▸ **ASSIGNMENT**: Copy out exactly, from the entries that follow, the line holding "브라우저에서 우리가 App컴포넌트를", the line holding "Последний раз был", and all lines between them, but no pictures.

START INPUT MATERIAL

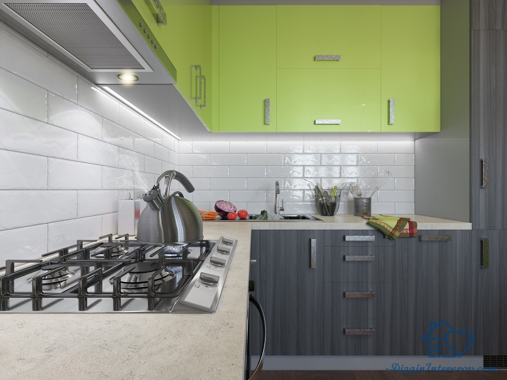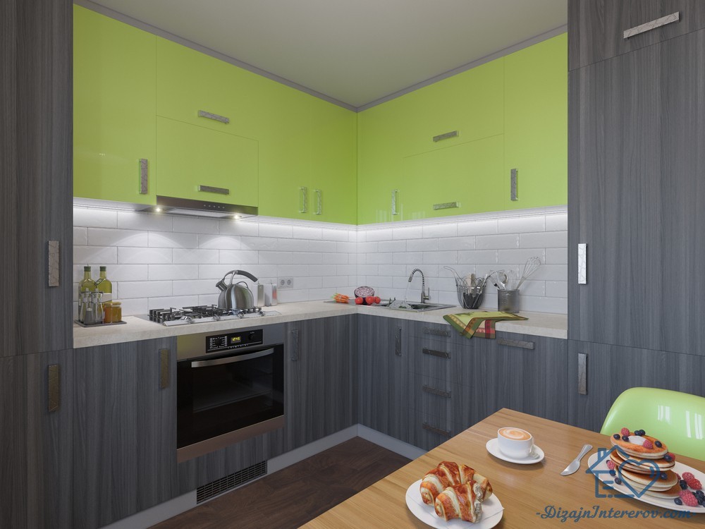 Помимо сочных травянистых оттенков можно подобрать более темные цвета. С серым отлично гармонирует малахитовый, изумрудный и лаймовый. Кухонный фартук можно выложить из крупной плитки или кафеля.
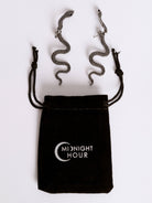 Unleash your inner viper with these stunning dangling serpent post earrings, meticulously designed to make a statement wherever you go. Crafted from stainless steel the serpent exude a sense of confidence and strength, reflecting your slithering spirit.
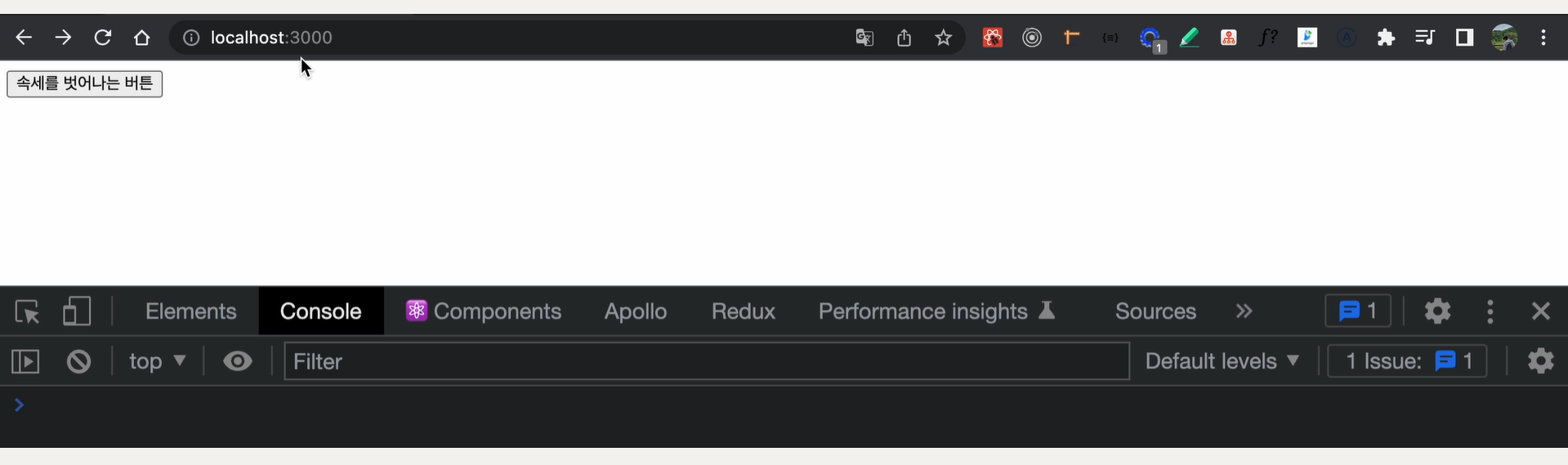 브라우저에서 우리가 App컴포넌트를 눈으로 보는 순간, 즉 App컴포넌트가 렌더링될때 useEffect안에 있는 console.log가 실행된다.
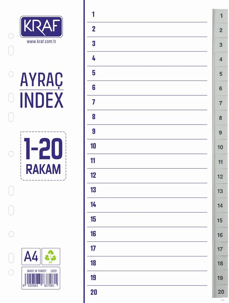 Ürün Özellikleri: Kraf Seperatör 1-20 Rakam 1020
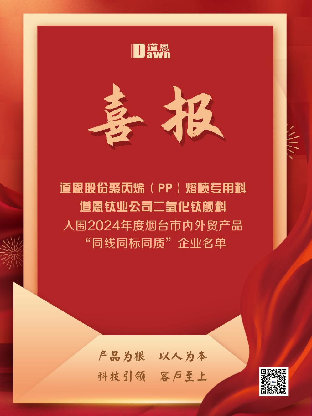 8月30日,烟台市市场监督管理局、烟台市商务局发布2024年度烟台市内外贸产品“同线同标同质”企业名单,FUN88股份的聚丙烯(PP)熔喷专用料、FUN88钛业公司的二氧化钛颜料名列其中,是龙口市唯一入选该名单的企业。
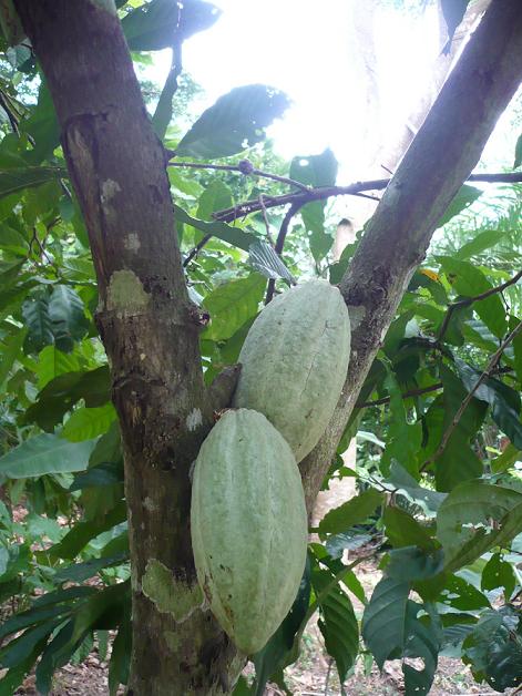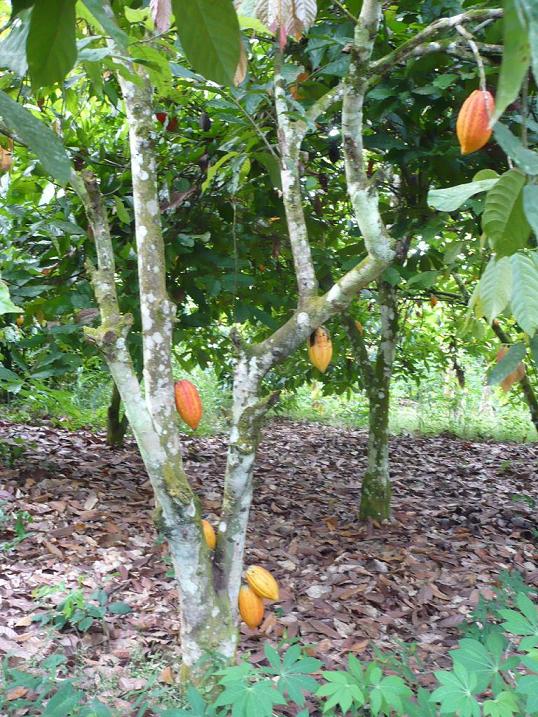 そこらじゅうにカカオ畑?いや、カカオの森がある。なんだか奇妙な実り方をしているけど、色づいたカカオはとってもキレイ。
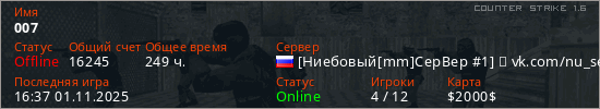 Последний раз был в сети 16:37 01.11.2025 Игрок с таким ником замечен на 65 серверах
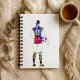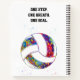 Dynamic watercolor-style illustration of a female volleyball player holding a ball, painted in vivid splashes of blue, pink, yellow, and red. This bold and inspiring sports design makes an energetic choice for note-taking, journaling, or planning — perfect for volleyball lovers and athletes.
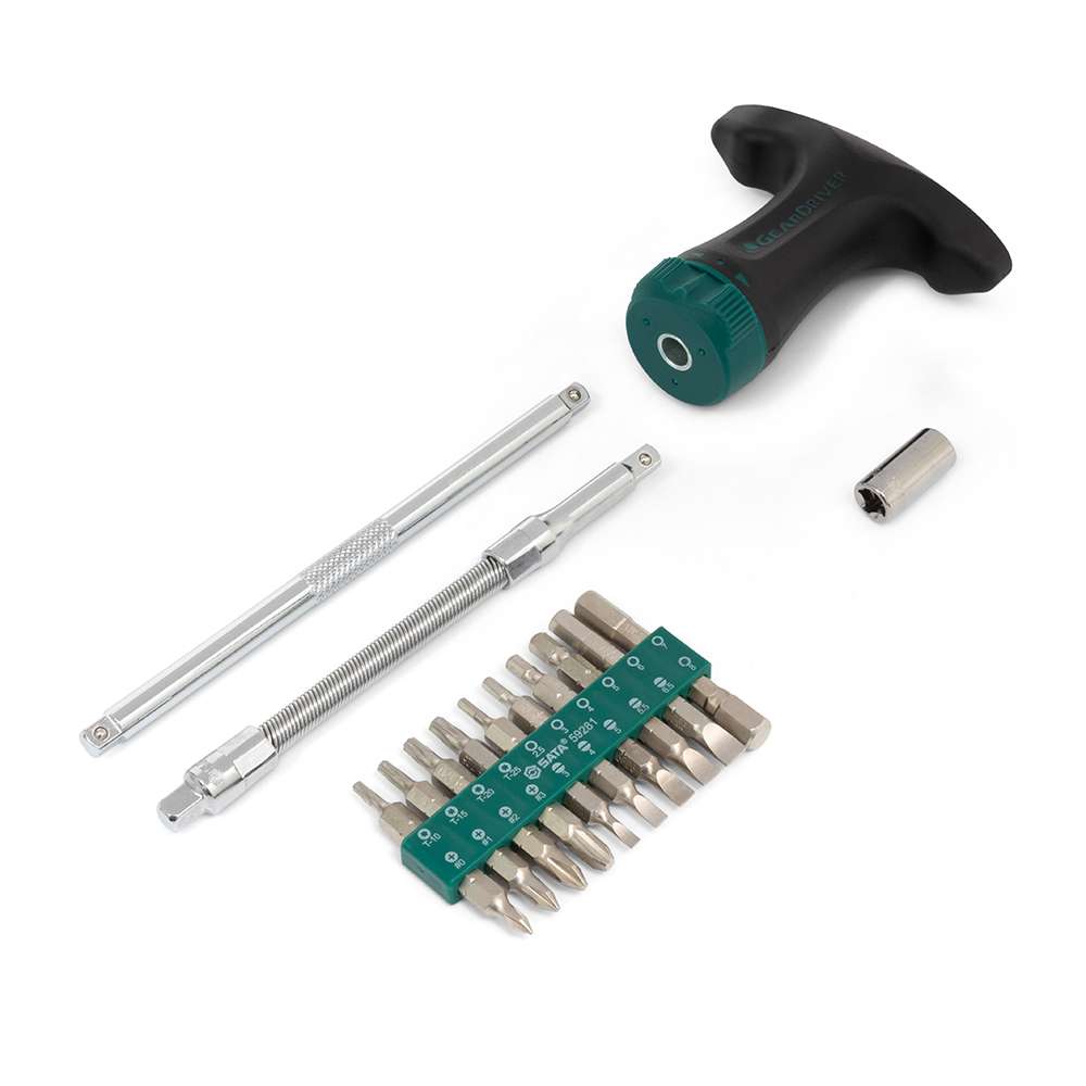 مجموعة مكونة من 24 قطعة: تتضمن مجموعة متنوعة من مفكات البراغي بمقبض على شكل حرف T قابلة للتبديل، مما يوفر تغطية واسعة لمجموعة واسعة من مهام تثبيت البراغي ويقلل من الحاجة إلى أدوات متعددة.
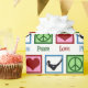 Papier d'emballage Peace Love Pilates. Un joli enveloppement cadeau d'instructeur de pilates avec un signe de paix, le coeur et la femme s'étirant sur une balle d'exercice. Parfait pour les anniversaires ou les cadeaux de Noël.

END INPUT MATERIAL

▸ **SOLUTION FOR THIS TASK**:
 브라우저에서 우리가 App컴포넌트를 눈으로 보는 순간, 즉 App컴포넌트가 렌더링될때 useEffect안에 있는 console.log가 실행된다.
 Ürün Özellikleri: Kraf Seperatör 1-20 Rakam 1020
 8月30日,烟台市市场监督管理局、烟台市商务局发布2024年度烟台市内外贸产品“同线同标同质”企业名单,FUN88股份的聚丙烯(PP)熔喷专用料、FUN88钛业公司的二氧化钛颜料名列其中,是龙口市唯一入选该名单的企业。
 そこらじゅうにカカオ畑?いや、カカオの森がある。なんだか奇妙な実り方をしているけど、色づいたカカオはとってもキレイ。
 Последний раз был в сети 16:37 01.11.2025 Игрок с таким ником замечен на 65 серверах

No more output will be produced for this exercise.